Our collateral is generally valued on the basis of prices provided by recognized bond market sources agreed to by the parties. Inputs to the models used by pricing sources may include, but are not necessarily limited to, reported trades, executable bid and asked prices, broker quotations, prices or yields of securities with similar characteristics, benchmark curves or information pertaining to the issuer, as well as industry and economic events. Our master agreements for repurchase transactions contain mostly standard provisions for the valuation of collateral. These agreements typically provide that both the repurchase seller (the borrower) and the repurchase buyer (the lender) value the collateral on a daily basis. Each party uses prices that it obtains from generally recognized pricing sources, or the most recent closing bid quotation from such a source. If the buyer, or the seller, as the case may be, determines that additional collateral is required, it may call for the delivery of such collateral. Under certain of our repurchase agreements, in limited circumstances, such as when a pricing source is not available, our lenders have the right to determine the value of the collateral we have provided to secure our repurchase borrowings.

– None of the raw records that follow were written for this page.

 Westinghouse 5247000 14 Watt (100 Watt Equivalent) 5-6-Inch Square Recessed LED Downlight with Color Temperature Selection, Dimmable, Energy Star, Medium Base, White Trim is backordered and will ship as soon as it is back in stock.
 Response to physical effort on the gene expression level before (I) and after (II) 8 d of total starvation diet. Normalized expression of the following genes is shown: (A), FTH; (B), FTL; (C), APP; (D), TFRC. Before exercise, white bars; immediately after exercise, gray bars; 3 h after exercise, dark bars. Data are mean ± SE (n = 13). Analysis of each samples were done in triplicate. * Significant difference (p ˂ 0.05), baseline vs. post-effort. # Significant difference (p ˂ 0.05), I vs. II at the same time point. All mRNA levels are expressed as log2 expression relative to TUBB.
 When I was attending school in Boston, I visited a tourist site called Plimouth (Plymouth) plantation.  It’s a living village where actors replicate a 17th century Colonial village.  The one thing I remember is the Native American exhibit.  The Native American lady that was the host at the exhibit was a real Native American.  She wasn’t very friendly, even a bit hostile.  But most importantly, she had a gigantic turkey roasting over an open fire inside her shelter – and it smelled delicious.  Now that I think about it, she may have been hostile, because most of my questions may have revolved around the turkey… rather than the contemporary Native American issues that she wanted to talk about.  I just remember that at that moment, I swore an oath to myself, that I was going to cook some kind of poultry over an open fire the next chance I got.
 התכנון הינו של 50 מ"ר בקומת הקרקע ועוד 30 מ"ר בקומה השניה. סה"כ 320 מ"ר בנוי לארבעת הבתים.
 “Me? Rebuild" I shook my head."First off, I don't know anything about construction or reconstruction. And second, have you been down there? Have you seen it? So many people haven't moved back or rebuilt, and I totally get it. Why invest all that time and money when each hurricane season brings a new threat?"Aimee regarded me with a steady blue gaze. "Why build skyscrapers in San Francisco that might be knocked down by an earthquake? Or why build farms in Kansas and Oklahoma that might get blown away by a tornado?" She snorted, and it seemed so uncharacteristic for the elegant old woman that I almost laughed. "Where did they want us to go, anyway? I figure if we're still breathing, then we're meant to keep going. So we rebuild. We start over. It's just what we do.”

In instances where we have agreed to permit our lenders to make a determination of the value of such collateral, such lenders are expected to act reasonably and in good faith in making such valuation determinations.
An event of default or termination event under the standard master repurchase agreement would give our counterparty the option to terminate all repurchase transactions existing with us and make any amount due by us to the counterparty immediately payable.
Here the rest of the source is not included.